::: Information given :::
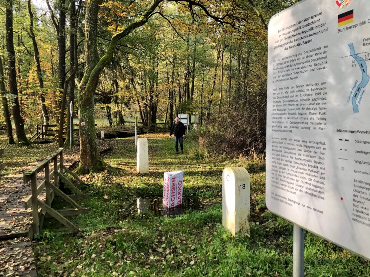 Wir starten am letzten Wochenende im Oktober. Von Waldenburg geht es quer durch Bayern in Richtung Dreiländereck. Bis 1918 verlief hier die Grenze zwischen Österreich-Ungarn und dem Deutschen Reich; gleichzeitig trafen sich dort die Landesgrenzen von Bayern, Böhmen und Sachsen. Später begann hier die fast 1400 km lange innerdeutsche Grenze zwischen der Bundesrepublik Deutschland und der DDR.
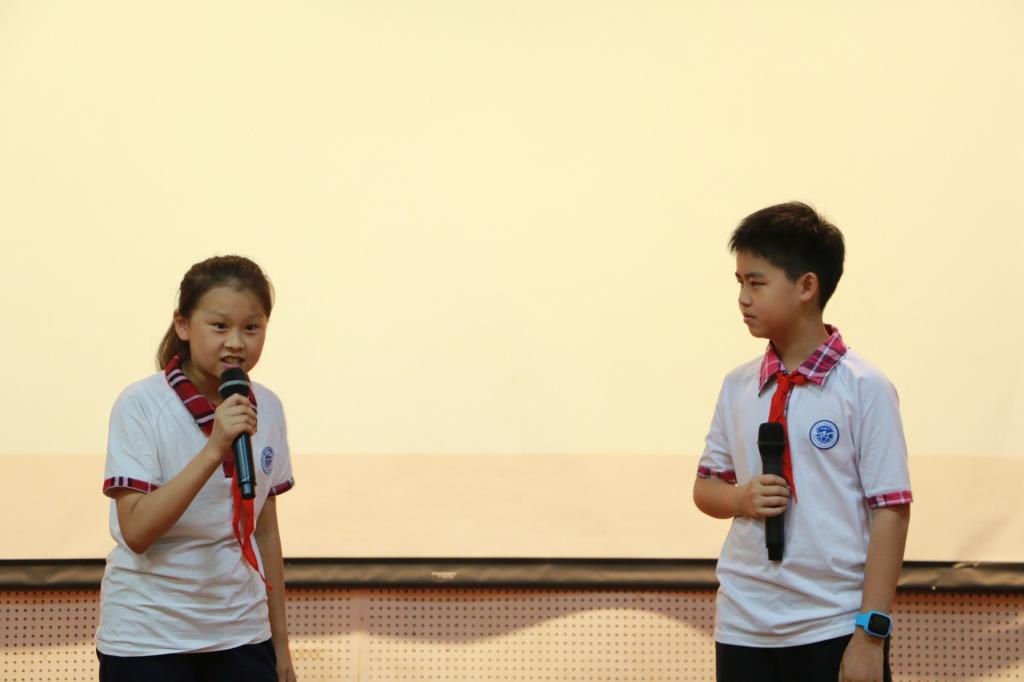 随后,五年级学生代表梁家华、张舟涵表演了简短的校园短相声《拇指和食指》,生动地演绎了家庭教育的现象,引起了家长的思考。
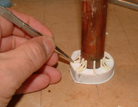 Gluing the Supports With the new supports cast, (and using my brain this time) the supports were glued on right-side-up. I used a spare piece of the copper pipe for the main masts secured to a flat surface to ensure they were spaced and vertical. |
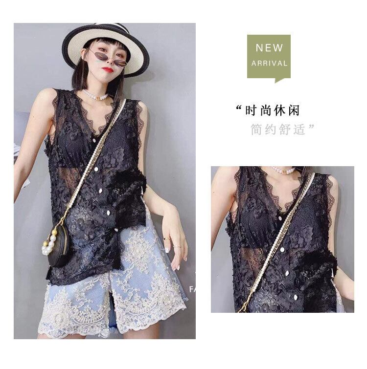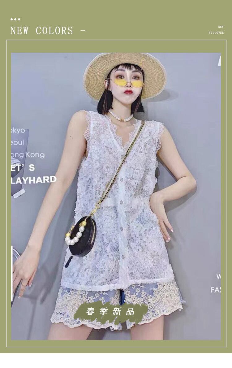 スプリングサマーレースルーズノースリーブTシャツ ショーツ 大きめサイズ 春物 夏物 ブルマー ミックスインファッション97155959850
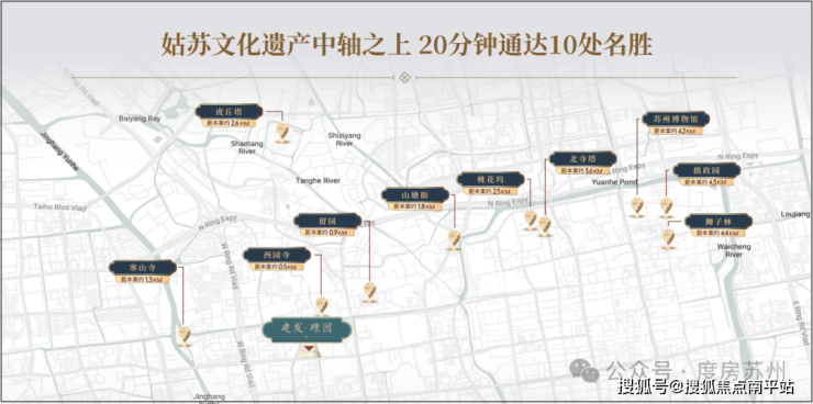 从建发璟园出发,仅约20分钟车程即可抵达苏州闻名世界的10处名胜古迹(如下图)!其中,西园寺、留园更是在1公里范围内,步行可达!
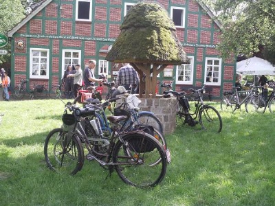 wir möchten uns bei allen Teilnehmern für dieses schöne Wochenende bedanken! Es hat alles gepasst, das Wetter, die Stimmung, die schöne Landschaft. Mit 70 Teilnehmern ging es nach Worpswede zum Niedersachsenstein, und Nachmittags mit fast 60 Hilfsmotoren durch das schöne Teufelsmoor nach Hüttenbusch. Obwohl die Besichtigung des Natur- und Geschichtspfades etwas zu kurz kam, war fast alles im Zeitrahmen. Trotz der hohen Teilnehmerzahl gab es nur 3 1/2 Pannen.
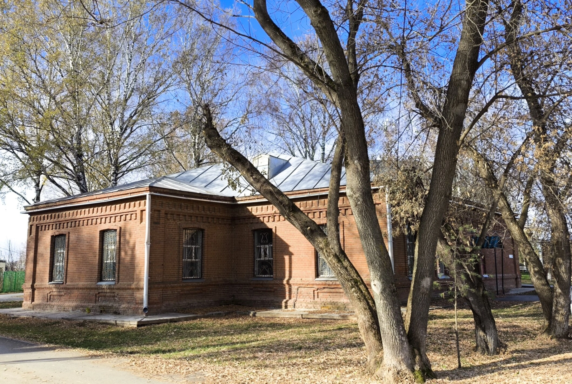 На снимке зафиксирован осенний период — деревья, окружающие церковь, покрыты редкой листвой, а земля усеяна опавшими листьями. Это создаёт особую атмосферу умиротворения и покоя, позволяя оценить гармоничное сочетание творения рук человеческих и природного ландшафта.
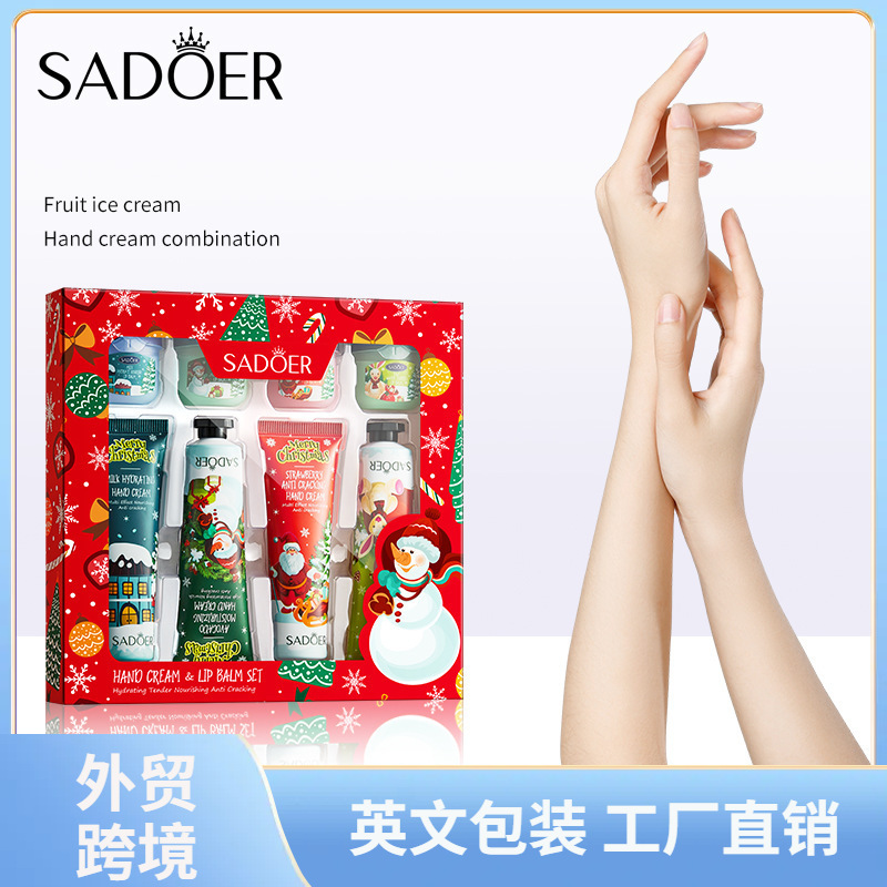 全英語SADOERクリスマス保湿保護乾燥防止ハンドクリーム唇クリームセットクロスボーダー対外貿易卸売り
:::
| Exercise description |
Nothing but the lines from the one with "スプリングサマーレースルーズノースリーブTシャツ ショーツ 大きめサイズ" to the one with "wir möchten uns" above, both included, should be transcribed, exactly and without pictures.

| Your solution |
 スプリングサマーレースルーズノースリーブTシャツ ショーツ 大きめサイズ 春物 夏物 ブルマー ミックスインファッション97155959850
 从建发璟园出发,仅约20分钟车程即可抵达苏州闻名世界的10处名胜古迹(如下图)!其中,西园寺、留园更是在1公里范围内,步行可达!
 wir möchten uns bei allen Teilnehmern für dieses schöne Wochenende bedanken! Es hat alles gepasst, das Wetter, die Stimmung, die schöne Landschaft. Mit 70 Teilnehmern ging es nach Worpswede zum Niedersachsenstein, und Nachmittags mit fast 60 Hilfsmotoren durch das schöne Teufelsmoor nach Hüttenbusch. Obwohl die Besichtigung des Natur- und Geschichtspfades etwas zu kurz kam, war fast alles im Zeitrahmen. Trotz der hohen Teilnehmerzahl gab es nur 3 1/2 Pannen.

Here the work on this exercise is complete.